**GIVEN RECORDS**
- - -
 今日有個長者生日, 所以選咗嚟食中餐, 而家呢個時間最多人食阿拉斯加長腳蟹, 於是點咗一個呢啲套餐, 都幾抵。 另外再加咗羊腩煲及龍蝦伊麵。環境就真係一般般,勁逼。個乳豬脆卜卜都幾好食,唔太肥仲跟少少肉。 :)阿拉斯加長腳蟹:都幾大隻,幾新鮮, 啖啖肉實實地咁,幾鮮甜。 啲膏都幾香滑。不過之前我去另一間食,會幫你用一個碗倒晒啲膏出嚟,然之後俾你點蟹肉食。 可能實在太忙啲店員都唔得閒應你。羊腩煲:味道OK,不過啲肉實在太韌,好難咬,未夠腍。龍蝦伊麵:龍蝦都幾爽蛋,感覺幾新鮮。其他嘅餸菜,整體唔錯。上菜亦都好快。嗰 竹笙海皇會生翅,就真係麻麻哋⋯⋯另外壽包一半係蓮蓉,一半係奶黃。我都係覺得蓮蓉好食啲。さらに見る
- - -
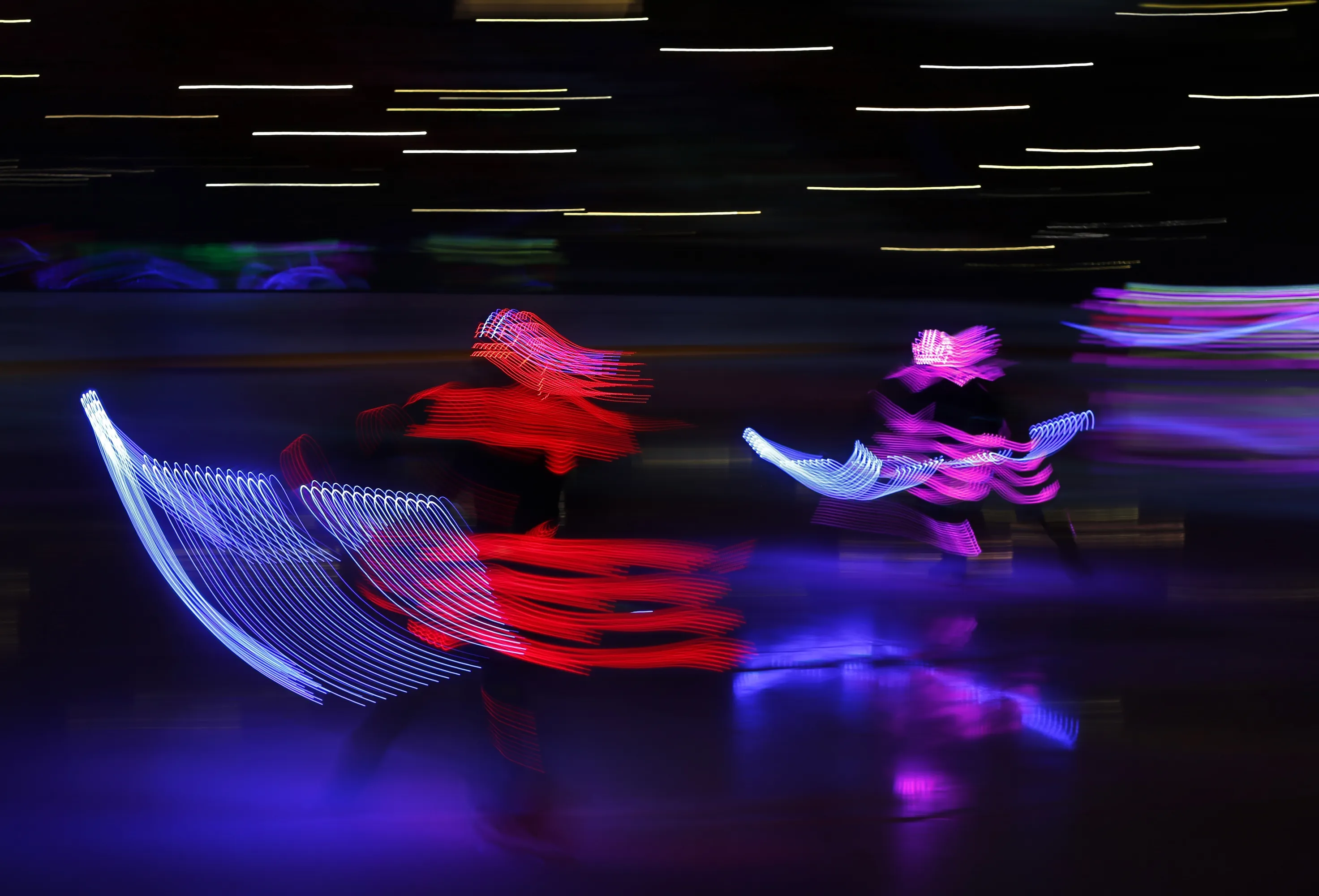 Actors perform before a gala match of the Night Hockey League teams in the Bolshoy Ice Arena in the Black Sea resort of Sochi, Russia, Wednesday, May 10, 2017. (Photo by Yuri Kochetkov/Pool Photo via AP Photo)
- - -
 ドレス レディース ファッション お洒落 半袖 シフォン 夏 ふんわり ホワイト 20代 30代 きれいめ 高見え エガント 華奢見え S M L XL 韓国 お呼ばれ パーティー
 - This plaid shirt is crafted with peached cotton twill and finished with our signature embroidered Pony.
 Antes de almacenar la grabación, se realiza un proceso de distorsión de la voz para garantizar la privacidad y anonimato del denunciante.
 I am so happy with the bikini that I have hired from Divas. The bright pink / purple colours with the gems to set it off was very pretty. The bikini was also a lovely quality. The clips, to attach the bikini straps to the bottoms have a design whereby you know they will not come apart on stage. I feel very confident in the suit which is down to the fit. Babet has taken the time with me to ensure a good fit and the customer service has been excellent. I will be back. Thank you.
- - -
**WORK INSTRUCTIONS**
Among the entries above, the line containing "ドレス レディース ファッション", the line containing "I am so happy", and all lines between them are to be restated word for word; nothing else belongs in the reply.

**REPLY TO THE TASK**
 ドレス レディース ファッション お洒落 半袖 シフォン 夏 ふんわり ホワイト 20代 30代 きれいめ 高見え エガント 華奢見え S M L XL 韓国 お呼ばれ パーティー
 - This plaid shirt is crafted with peached cotton twill and finished with our signature embroidered Pony.
 Antes de almacenar la grabación, se realiza un proceso de distorsión de la voz para garantizar la privacidad y anonimato del denunciante.
 I am so happy with the bikini that I have hired from Divas. The bright pink / purple colours with the gems to set it off was very pretty. The bikini was also a lovely quality. The clips, to attach the bikini straps to the bottoms have a design whereby you know they will not come apart on stage. I feel very confident in the suit which is down to the fit. Babet has taken the time with me to ensure a good fit and the customer service has been excellent. I will be back. Thank you.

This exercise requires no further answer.